A bench of Chief Justice D N Patel and Justice C Hari Shankar issued notices to the Centre and the EC seeking their stand on the candidates' plea, which also challenges Justice Sanjeev Sachdeva's order declining to entertain their petition against rejection officer. 

The division bench said it will hear the matter on February 5, 2020.

Facts of the case: 

  1. On January 28, 2020 a single judge had dismissed the plea saying it was not maintainable and that under the Representation of People Act, 1951 only an election petition was permissible and it would have to be filed after results were declared.
  2. The petition contended that the petitioners had arrived at the election office at Jamnagar House early in the morning on January 20, 2020 with their duly-filled forms and required documents. Since there were several candidates already waiting at the office, the returning officer (RO) issued them tokens and based on their respective token numbers the forms were to be accepted and scrutinised. However, due to paucity of time, all the people who were issued tokens could not be attended to, the plea said, adding that the returning officer asked the petitioners to come the next day.

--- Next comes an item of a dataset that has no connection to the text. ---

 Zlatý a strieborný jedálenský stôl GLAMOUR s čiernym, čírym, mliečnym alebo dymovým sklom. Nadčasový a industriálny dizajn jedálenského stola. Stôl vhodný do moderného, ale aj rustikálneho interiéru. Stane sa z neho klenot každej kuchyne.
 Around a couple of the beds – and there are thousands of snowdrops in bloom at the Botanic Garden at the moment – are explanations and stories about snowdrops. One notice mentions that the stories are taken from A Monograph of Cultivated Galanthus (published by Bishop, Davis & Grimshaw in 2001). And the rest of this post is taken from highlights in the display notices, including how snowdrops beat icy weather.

The returning officer also told them their tokens were valid for the next day and their turn would come before that of others, the petition claims.

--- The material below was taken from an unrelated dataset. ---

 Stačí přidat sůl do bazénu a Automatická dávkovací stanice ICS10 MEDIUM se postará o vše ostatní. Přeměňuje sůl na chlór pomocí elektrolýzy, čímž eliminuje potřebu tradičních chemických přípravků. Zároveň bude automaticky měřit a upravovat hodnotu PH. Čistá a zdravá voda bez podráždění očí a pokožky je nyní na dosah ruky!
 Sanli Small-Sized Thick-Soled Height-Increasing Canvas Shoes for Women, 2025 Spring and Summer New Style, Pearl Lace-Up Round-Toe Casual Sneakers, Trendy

  3. When the petitioners reached the election office the next day, they found that instead of tokens, the names of the applicants were being recorded on a sheet, the petition said, claiming that once Chief Minister Arvind Kejriwal arrived there to file his nomination, he was directly taken inside to allegedly facilitate his filing.

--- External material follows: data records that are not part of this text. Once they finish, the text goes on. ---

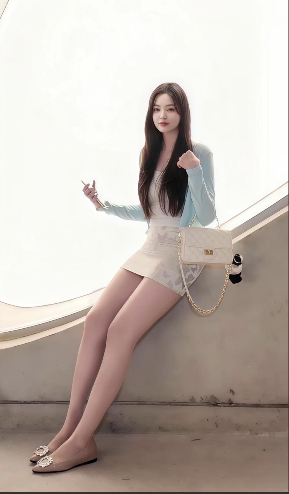 浅蓝短款针织开衫温柔又有呼吸感,搭配修身内搭刚好平衡了松弛与利落;高腰蝴蝶印花短裙悄悄拉高腰线,把腿部线条衬得又直又长。同色系的精致平底鞋和简约白包,在细节里悄悄加分,整套搭配清新又显气质,日常穿舒服又亮眼。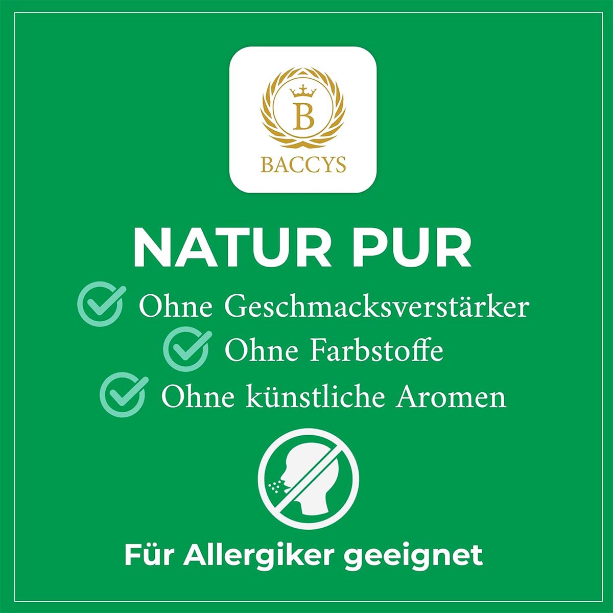 VEGAN: Das natürliche Aroma von BACCYS ist 100% vegan, zuckerfrei, fettfrei und ohne künstliche Farbstoffe. Das Aroma kommt aus Deutschland und ist völlig natürlichen Ursprungs.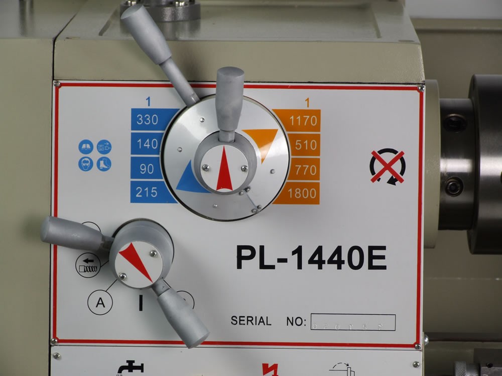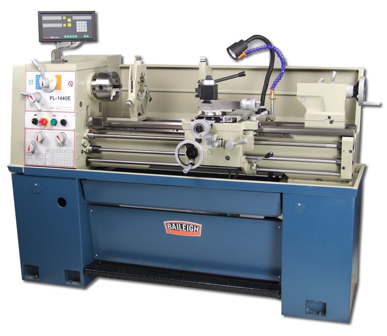 Model PL-1440E, 14" Swing, 19.9" Swing in gap, 8.6" Swing over cross slide, 40" Between centers,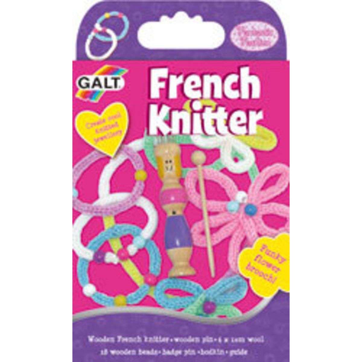 Obsah balení: pletací nástavec, dřevěná jehlice, čtyři barvy vlněné příze vždy po 10 metrech, 12 dřevěných korálků, šídlo

  4. Their plea claimed that due to the "wrongful, illegal, arbitrary, unconstitutional and malafide actions/inactions" of returning officer the petitioners were illegally and unconstitutionally deprived of exercising their constitutional right of participating in the democratic process of government formation".
  5. The petitioners have sought directions to the Centre, Election Commission, Chief Electoral Officer and returning officer to initiate measures which would help them to file their nomination forms for contesting election from the New Delhi seat against Kejriwal.